Real “kick-ass” women: II. Mary Lacy (1740 – 1795), female shipwright

Let’s imagine for a moment I’d leave captains and lieutenants aside and would write a book about strong seafaring women in the 18th century. Considering my dislike for pirates, I’d probably go for the “woman aboard a ship disguised as a man” option.

A young lady in breeches? Aboard a ship? Drama! Just imagine the fear of being found out! How to hide? Whom to bribe? Would there be romance? Imagine the possibilities!

Hands up: who would immediately think of “self-insert” and “Mary-Sue” upon reading that plot summary? Yes, I thought so. No, I won’t write such a book, but I don’t have to, anyway – it’s already been written.. And you know what the best bit about it is?

That story is actually true!

THE FEMALE SHIPWRIGHT
by Mary Lacy



National Maritime Museum
Hardcover
144 pages
ISBN: 9781906367015


Mary Lacy, born in 1740, left skirt and bonnet behind and slipped into breeches and waistcoat at the age of 19, called herself “William Chandler” (Chandler being her mother’s maiden name), became apprentice to a shipwright and went to sea aboard the Sandwich
.

What a great luck and blessing for us that Mary wrote the remarkable story of her life down and shared her experiences with future generations. Not only give her memoirs, brought to paper when she was 33 years old, a fascinating insight into the daily life aboard a ship, but also into the thinking of a woman in those days, her role in society and, through the eyes of a woman, the expectations and trials a young man would have faced. An excellent character study, challenging and inspiring to me both as a writer and a reader.

From our modern point of view, it seems unbelievable that a young woman could have lived among sailors for such a long time without being found out. But at the end of the day, Mary was a sailor, too. She didn’t pretend. When she was finally found out, it was through betrayal by another woman, a “false friend”, and surprisingly enough, the men who were informed about the “lady in disguise” did – nothing. There were no consequences. It was merely noted, and that was it. And when Mary Lacy retired, she was granted an annual pension for “Superannuated Shipwrights” of £ 20 per year by the Admiralty, despite giving her real name in the papers! There are reports of women disguised as men who were punished and had to face harsh consequences for their actions. The fact that this was not true in Mary Lacy’s case is interesting – maybe because her case wasn’t that unique after all…?

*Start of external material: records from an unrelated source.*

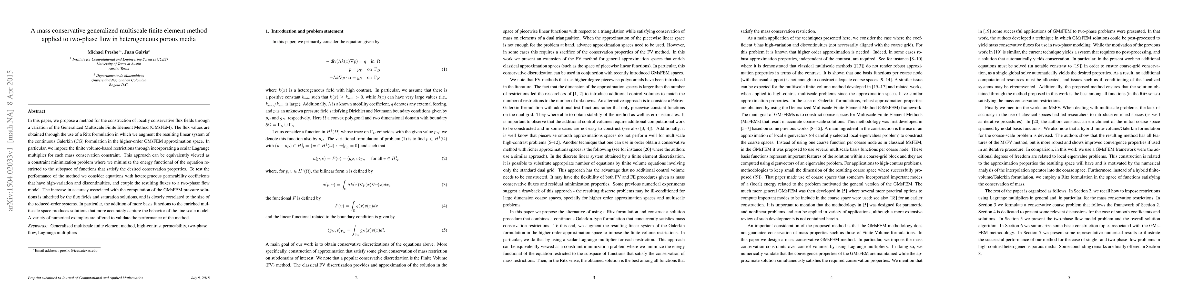 A new method for simulating two-phase flow in heterogeneous porous media with high accuracy is proposed, using a variation of the Generalized Multiscale Finite Element Method that ensures mass conservation.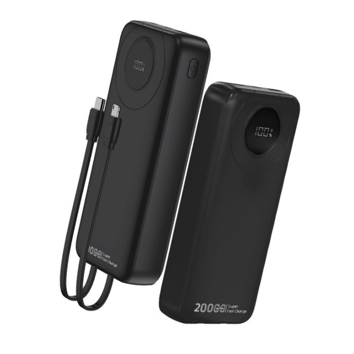 — кабель Lightning.Такий помічник стане незамінним для тих, хто користується одразу двома пристроями, які мають різні роз’єми для заряджання.Power bank WUW Y202 оснащений світлодіодним цифровим дисплеєм. У режимі реального часу на ньому відображається рівень заряду батареї. Пристрій виготовлений з міцного й вогнестійкого пластику. Має літій-полімерний акумулятор. Оснащений двома роз’ємами — USB та USB-C.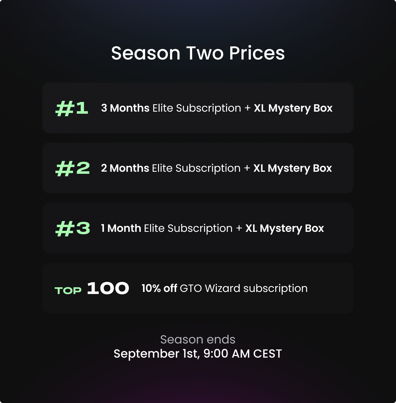 PokerArena is our free poker experience here at GTO Wizard, and Season One was a huge success thanks to our fantastic community. Thousands of you battled head-to-head, climbed the leaderboards, and sharpened your skills.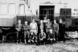 Photograph depicts group of ten men standing and kneeling in front of BE 40R blasthole drill in mine area. For names of individuals, see similar image, item 2000.1.1.3.19.72.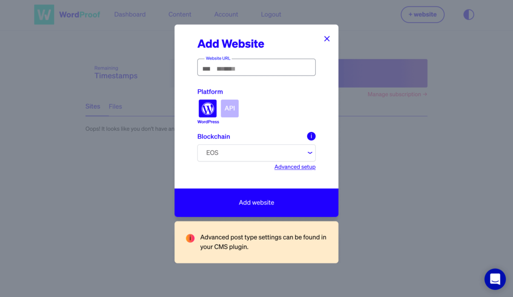您需要添加您的URL,选择WordPress作为您的平台,并选择EOS作为您的区块链: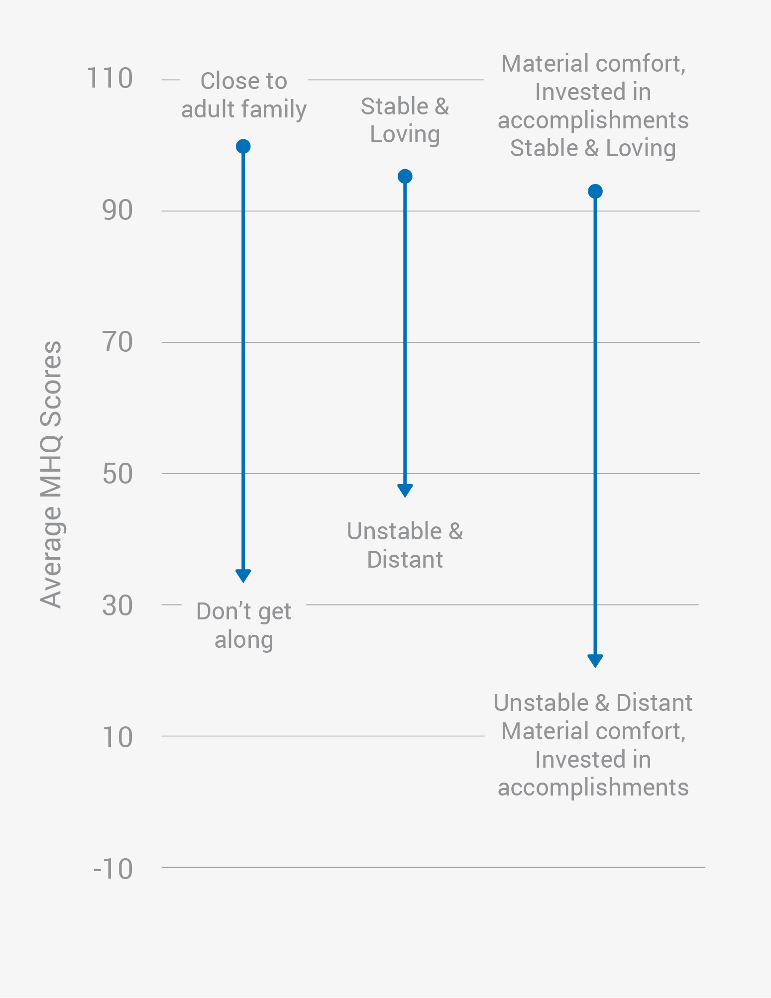Difference in mental wellbeing based on childhood home and adult family relationships – average MHQ score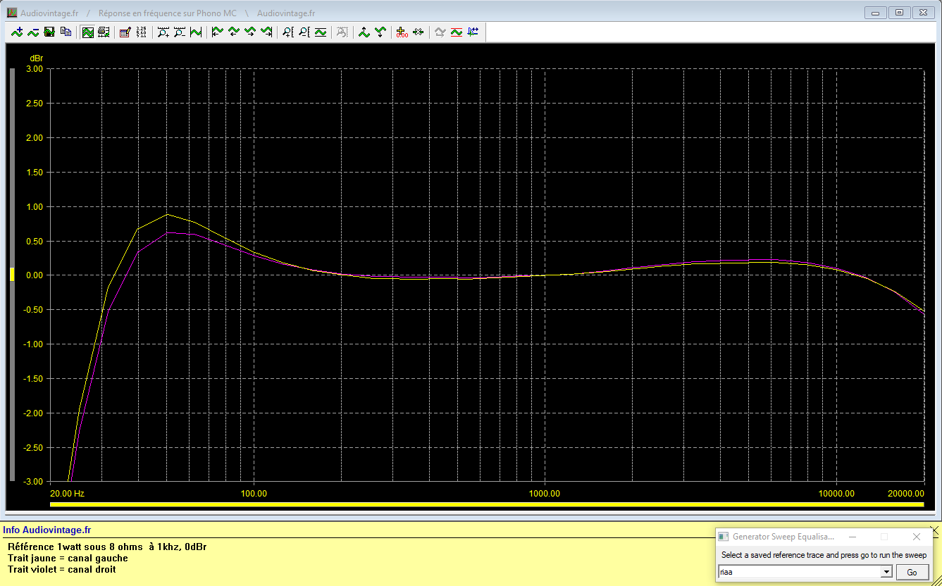 Réponse en fréquence à 2x1w sous 8 ohms, entrée phono MC, tone defeat.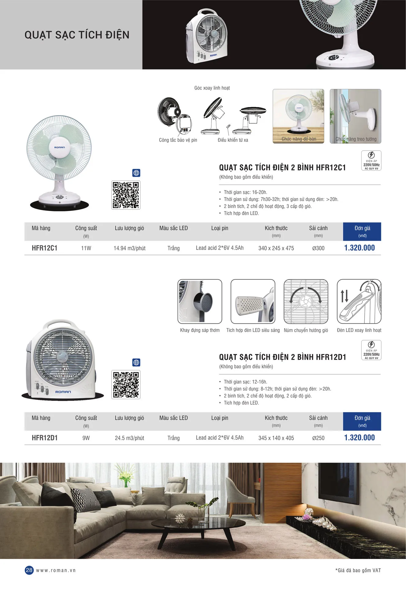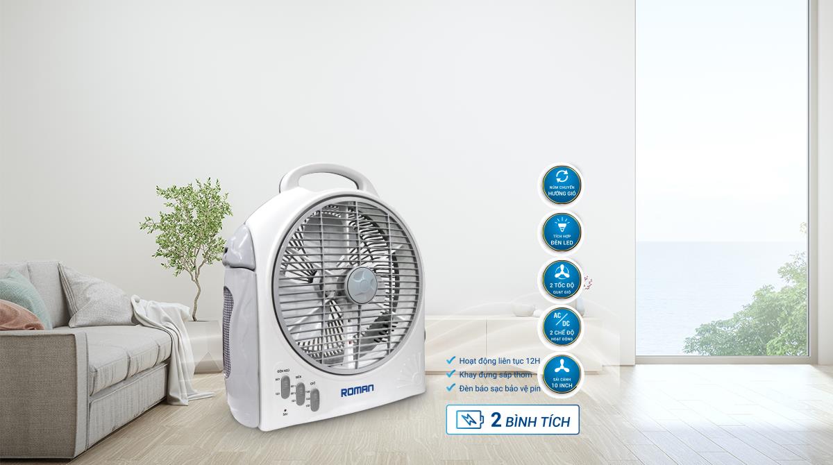 Quạt sạc tích điện Roman HFR12D1 mang đến trải nghiệm tuyệt vời dành cho người dùng với thiết kế đặc biệt 2 bình tích điện cùng nhiều tính năng tiện lợi, hấp dẫn khác.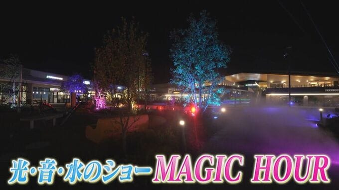「三井アウトレットパーク 岡崎」には他にも、お子さんが無料で遊べるスペースをはじめ、アウトレット最大の緑地面積を誇る広場に、ドッグランのスペースまで完備。夜になると、光・音・水を使った幻想的なショー「MAGIC HOUR」も開催されます。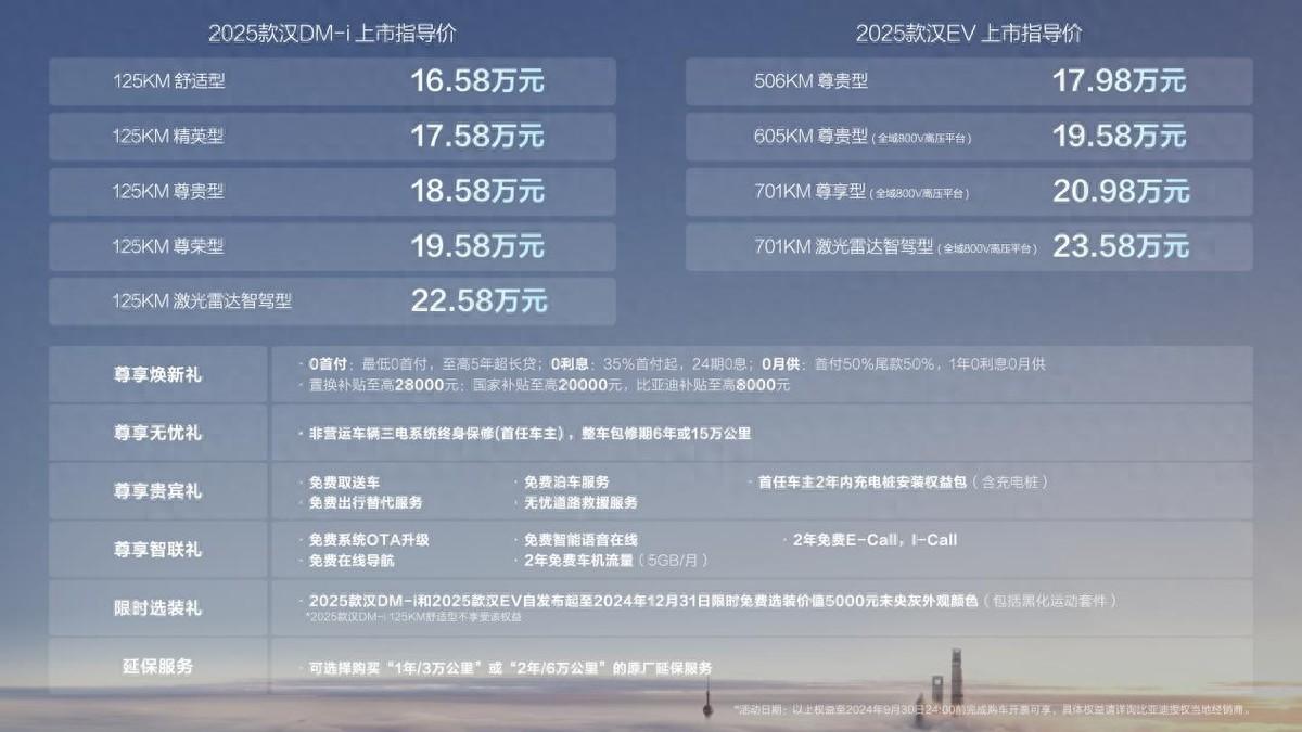 其中,2025款漢EV共推出4款車型,售價17.98萬~23.58萬元;2025款漢DM-i共推出5款車型,售價16.58萬~22.58萬元。同時,比亞迪為用戶準備了包括“尊享煥新禮、尊享無憂禮、尊享貴賓禮、尊享智聯(lián)禮、限時選裝禮、延保服務”六重購車禮遇。值得一提的是,2024年12月31日前,購車可限時免費選裝未央灰車色與黑化運動套件,總價值5000元。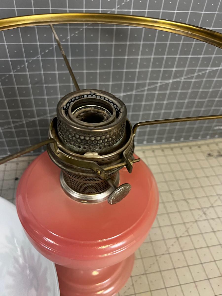 BEAUTIFUL Antique Glass Kerosene Lamp Aladdin, Hand Painted Shade!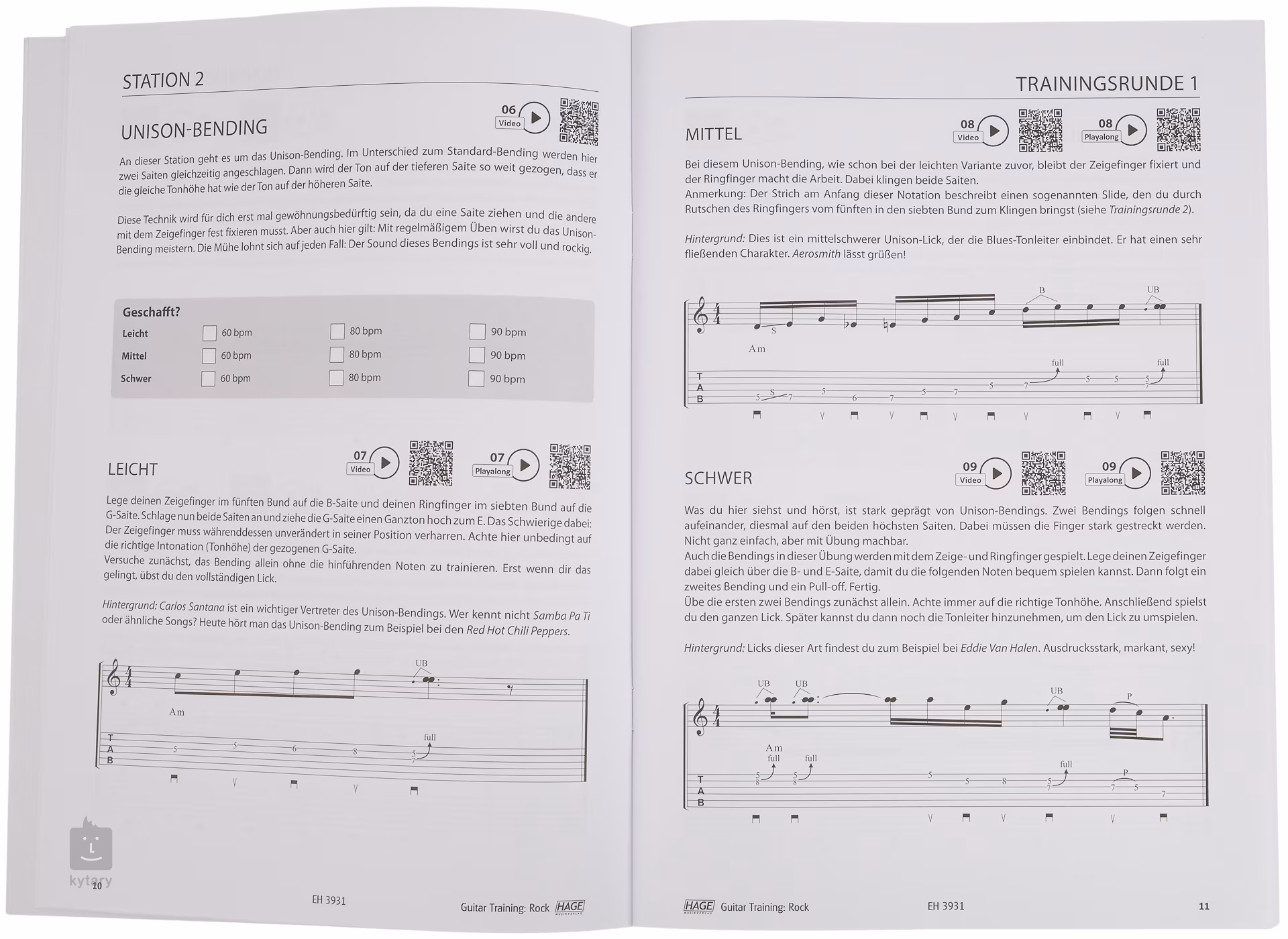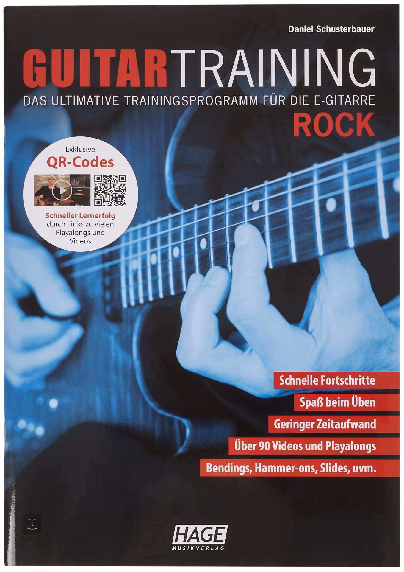 A Guitar Training Rock minden olyan rockgitárosnak szól, aki a játéktechnikáján szeretne dolgozni. Gyakorlatokat kínál a bal és jobb kéz technikájának gyakorlására, azaz hajlítás, slide, hammer-on, pull-off, legato és alternate picking, inside picking, sweep picking és hybrid picking. A gyakorlatok három különböző nehézségi szintet kínálnak, ahol könnyen nyomon követheti a fejlődését. Minden gyakorlat egy-egy nyalásból vagy riffből áll, amely híres gitárosok - Angus Youngtól Zakk Wylde-ig - bemutatott technikáján alapul. Mindössze öt perc naponta, és gyorsan látni fogja a különbséget.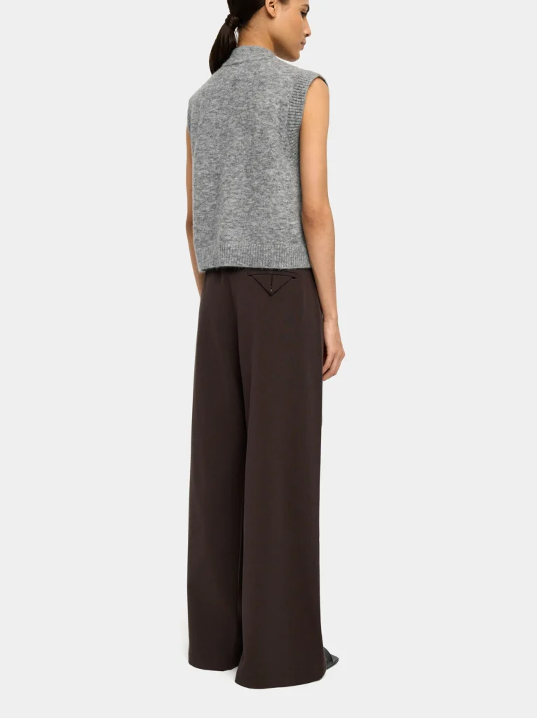 These fluid trousers combine soft pleats with a straight cut for an elegant, easy-to-wear profile. Equipped with side pockets, belt loops and a discreet button-and-hidden-zip fastening, they transition seamlessly from office to evening.

Mary mentions many “romances” in her memoirs. From the distance of over 250 years, it’s difficult to tell how much of her flirting was to add credibility to her portrayal as a young man, and how much was romantic interest in her own gender. Margarette Lincoln, Deputy Director of the National Maritime Museum who wrote the introduction to the small book, doesn’t rule out that possibility. Judging by the facts at hand, it seem perfectly plausible to me that Mary Lacy was interested in both genders; after all she claimed an unhappy love affair with a young man as one of the reasons why she ran away from home (beside being a real wild child). Later in her life, she called herself “Mary Slade”, claiming that she had married some Mr. Slade – however, no proof of marriage can be found, but she did live for with one Elizabeth Slade until that woman’s death.

Mary Lacy lived a hard life, had to do heaviest manual work, was beaten by her master, went without food at times and without shoes in winter, survived the harshest conditions both ashore and at sea, and all this under the constant pressure and fear that she might be found out.

Maybe we should consider this the next time we feel life’s too harsh with us because Windows doesn’t boot…

Please click here to hear the podcast by Margarette Lincoln, Deputy Director of the National Maritime Museum, in which she tells the story of Mary Lacy- highly recommended!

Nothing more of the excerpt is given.